The GenBank accession numbers for sequences used in the sequence and phylogenetic analysis are as follows: MHC class I: (CAP58485) HLA-A; MHC class IIA: Human, Homo sapiens (Hosa) DMA (NM_006120), DOA (M26039), DQA (M26041), DRA (NM_019111); Mouse, Mus musculus (Mumu) DOA (M95514), DQA (M21931), DRA (U13648); Horse DQA (L33909); Pig, Sus scrofa (Susc) DQA (NM_001130224), DRA (NM_001113706), DMA (NM_001004039); Chicken, Gallus gallus (Gaga) B-LA (AY357253); MHC class IIB: Hosa DQB (M20432), DRB (NM_021983), DOB (L29472), DPB (M57466), DMB (U15085); Rat, Rattus norvegicus (Rano) DQB (X56596); Mumu DMB (U35332); Horse, Equus caballus (Eqca) DQB (L33910); Susc DQB (AY102478), DMB (DQ431246), DRB (AY191776); Sheep, Ovis aries (Ovar) DQB (L08792); Rabbit, Oryctolagus cuniculus (Orcu) DOB (XP_002714654); Gaga B-LBII (M29763), DMB (AB426148); NKG2A: Hosa (NM_002259), Mumu (NM_001136068); NKG2C: Hosa (NM_002260), Mumu (AF106010); CD94: Hosa (AJ000001), Mumu (AF030312). Mx1: Rano (NP_775119.2); Eqca (NP_001075961.1); Orca (XP_002723805.1); Susc (BAD11809.1); Bota (NP_776365.1); Ovar (P33237.1); Mumu (NP_034976.1); Hosa (AF135187_1); Mx2: Rano (NP_599177); Eqca (XP_001491517); Susc (BAF76735); Bota (DAA33026); Ovar (AAW51454); Mumu (NP_038634); Hosa (NP_002454); Avian Mx: Gaga (NP_989940).

Analysis of repetitive or low complexity regions

Low complexity regions in protein sequences were detected with the seg program with default parameters [87].

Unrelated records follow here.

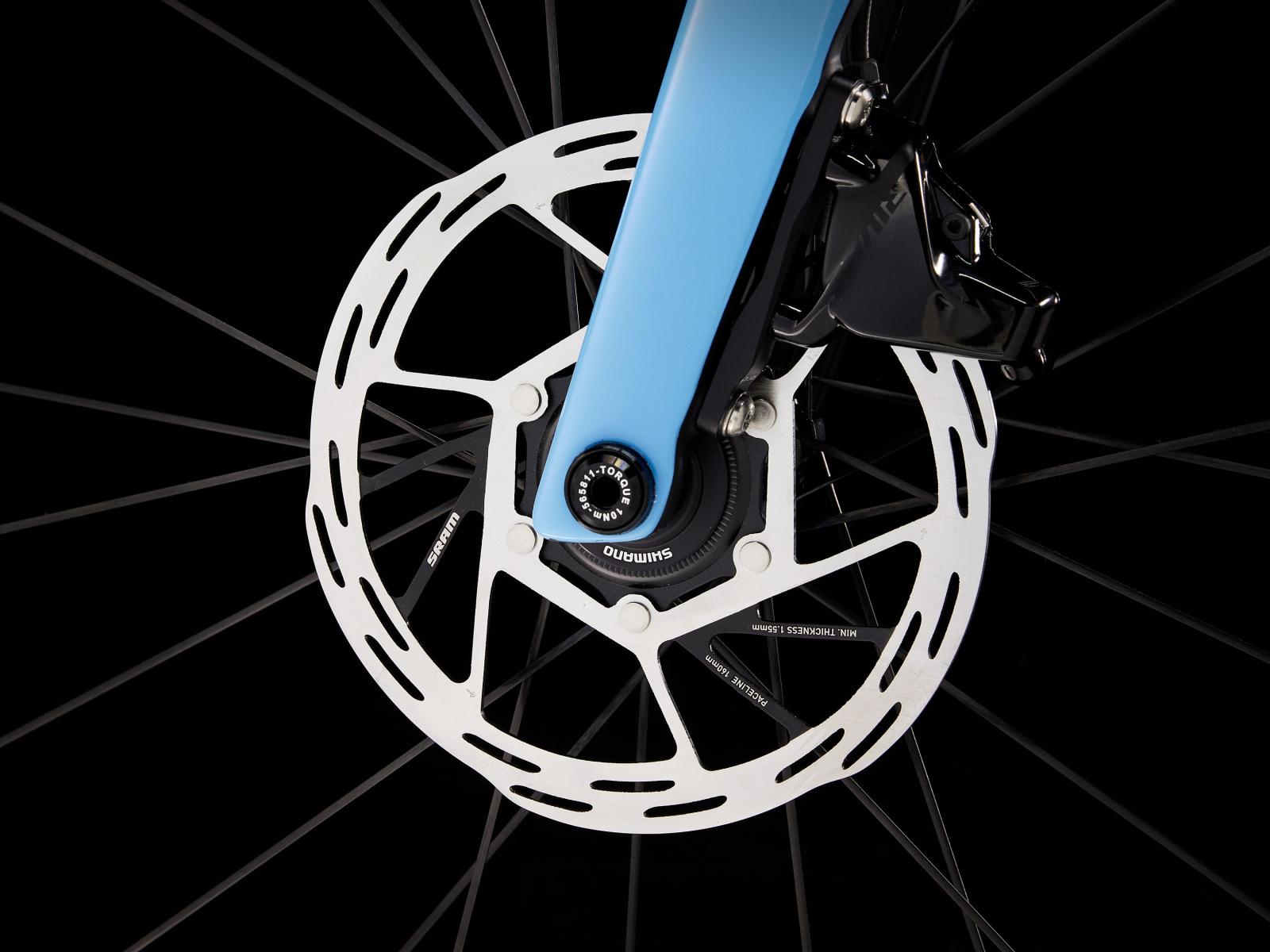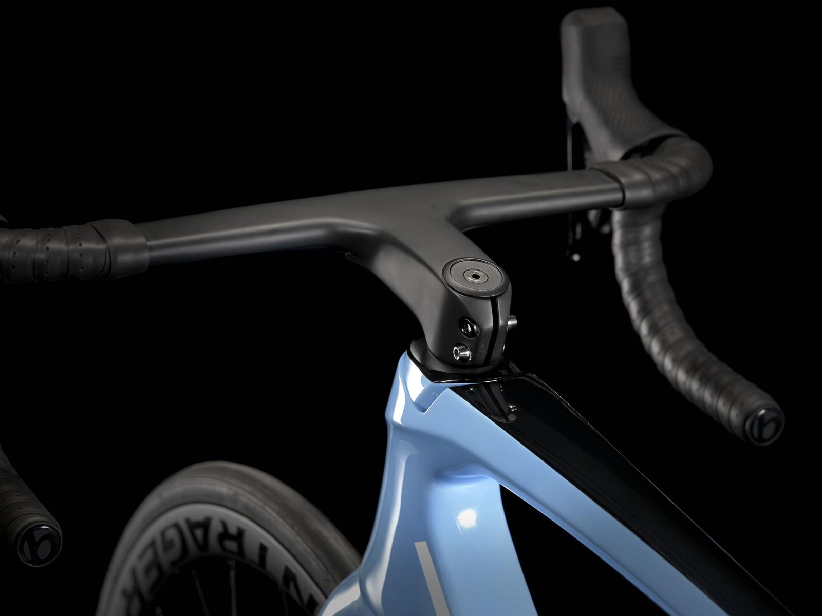 Einen ultraleichten und aerodynamischen Rahmen aus 800 Series OCLV Carbon, der weniger als 700 Gramm auf die Waage bringt, einen drahtlosen, elektronischen SRAM Rival AXS-Antrieb samt Rival AXS-Powermeter, leichte Bontrager Aeolus Pro 37 Tubeless Ready-Laufräder aus OCLV Carbon, eine integrierte Aeolus RSL Lenker/Vorbau-Einheit aus OCLV Carbon und kraftvoll zupackende hydraulische Scheibenbremsen.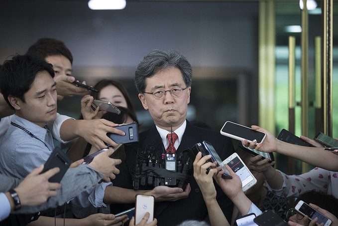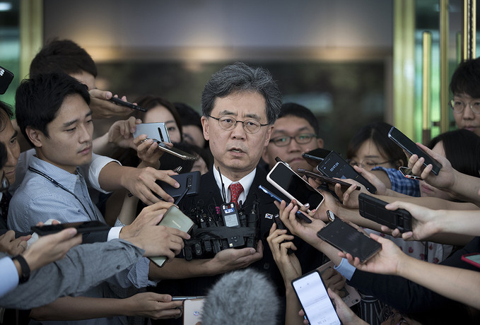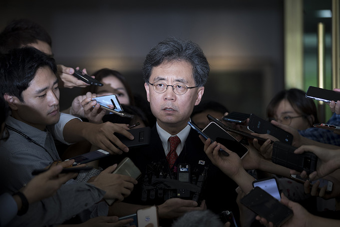 김현종 청와대 국가안보실 2차장이 22일 오후 서울 종로구 정부서울청사에서 스티븐 비건 미 국무부 대북정책득별대표와 회동을 마친 뒤 취재진의 질문에 답하고 있다.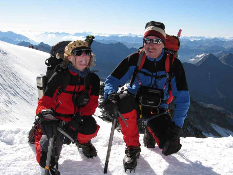Gegen 9:30 Uhr erreichen wir den Gipfel des Großvenedigers. Um das Abschmelzen der Schneekuppe und der damit einhergehenden Verkleinerung des Gipfelaufbaus entgegen zu wirken, wurde der Standort des Gipfelkreuzes kurzerhand verkleidet um ihn vor der Sonne zu Schützen. Ein paar Jahre wird es so wohl noch stimmen, dass der Großvenediger 3.667 Meter hoch ist. Der Schönheit der Welt tut das keinen Abbruch. Der traumhafte Blick reicht vom Watzmann, der Zugspitze, dem Dachstein bis hin zu Ortler und Dolomiten. Ernst erklärt uns die einzelnen Berge aber das beeindruckende Gesamtbild dieser grandiosen Kulisse ist unvergesslich genug.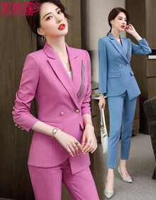 安依莲职业装女套装不对称小西装春夏新款韩版时尚名媛西服女装气质主持人西装正装高级白领工作服 9931紫色西装 XL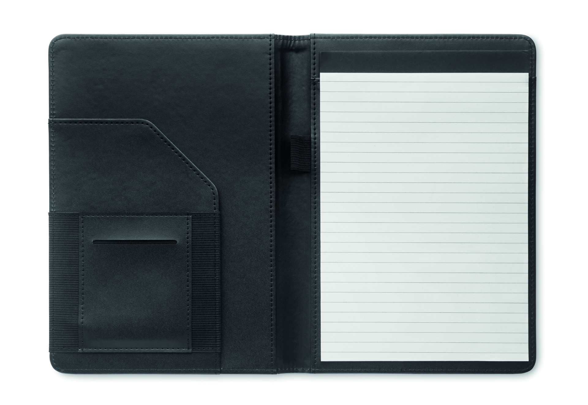Cartella a5 in rpet 300d a 2 toni. blocco note a5 sostituibile. 40 pagine in carta di bamboo a righe bianche (20 fogli). portapenne. porta carte di credito all'interno e uno scomparto grande.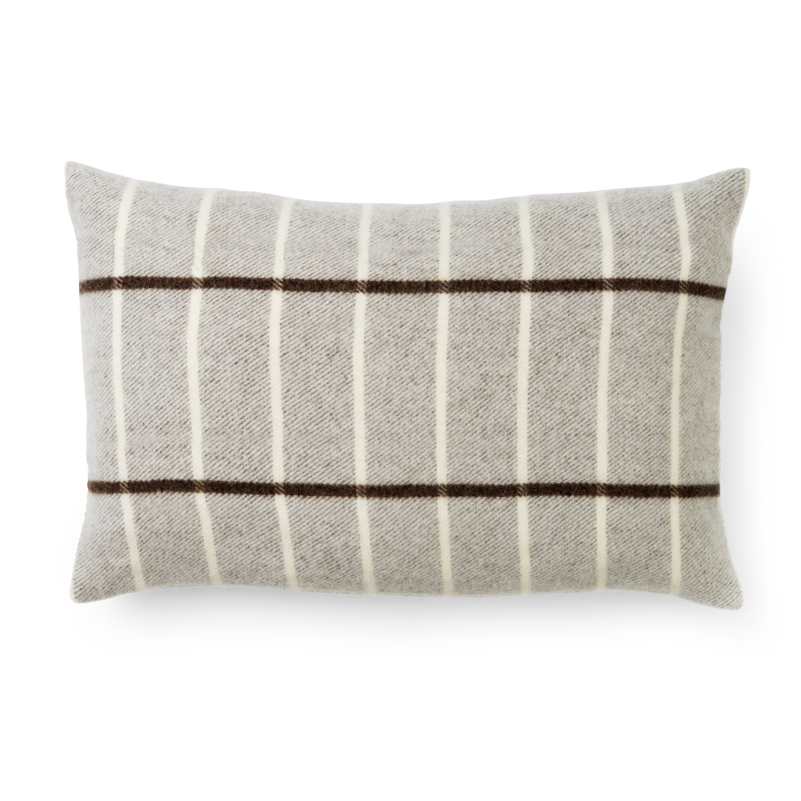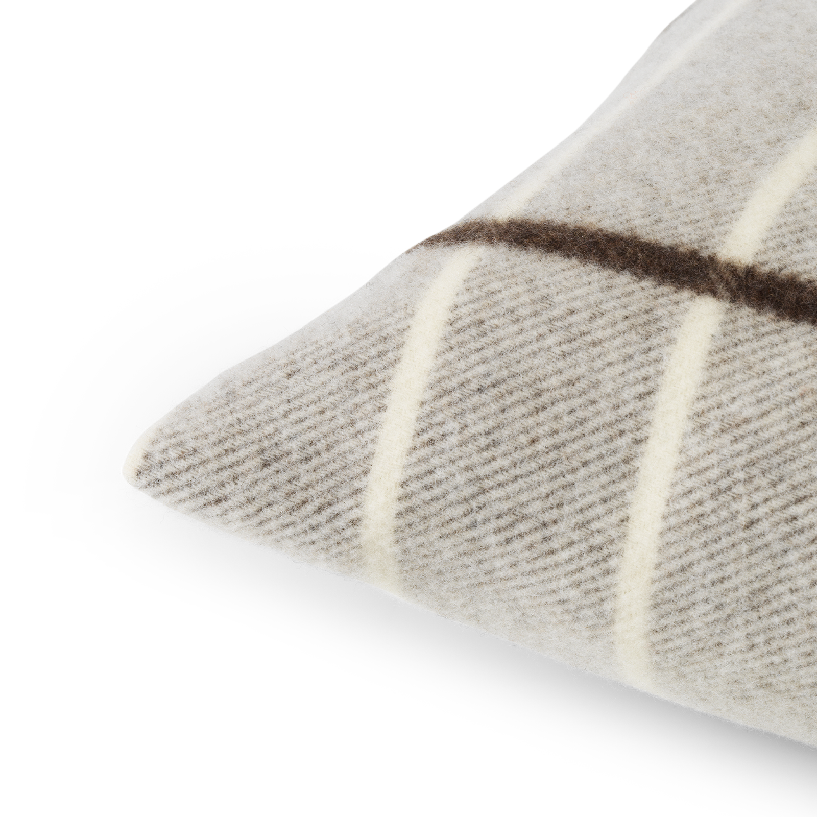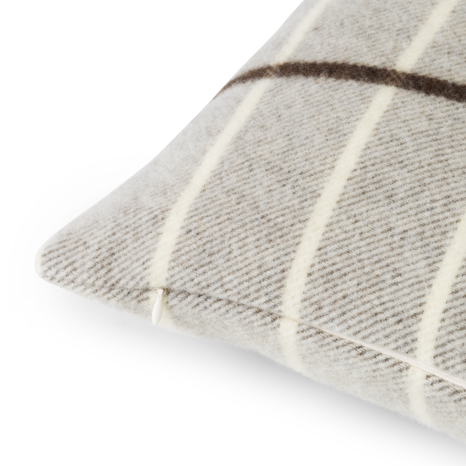 Tartan-kudden har ett elegant och klassiskt rutmönster. Kombinationen av 90 % merinoull och 10 % kashmir gör kudden extra mjuk, och ullens fina struktur tillför en särskild lätthet. Den är vävd i bruna och vita nyanser.

Quantitative reverse transcription PCR

The transcription of a bat MHC class I gene was examined using quantitative PCR (qPCR) as described previously [18]. Briefly, total RNA was prepared from lymph node, spleen, liver, lung, heart, kidney, small intestine, brain and salivary glands using the RNeasy mini kit (Qiagen) as described above. cDNA was generated using a Quantitect reverse transcription kit for RT-PCR (Qiagen). qPCR primers were designed using Primer Express 3.0 (Applied Biosystems) with default parameter settings (5’-ACGACTCCTATTCCCCAGGATAG-F and 5’-GAAAGCCACTGGTACCTGTGAGA-R). Reactions were carried out using EXPRESS SYBR® GreenERTM qPCR Supermix Universal (Invitrogen) and an Applied Biosystems 7500 Fast Real-Time qPCR instrument.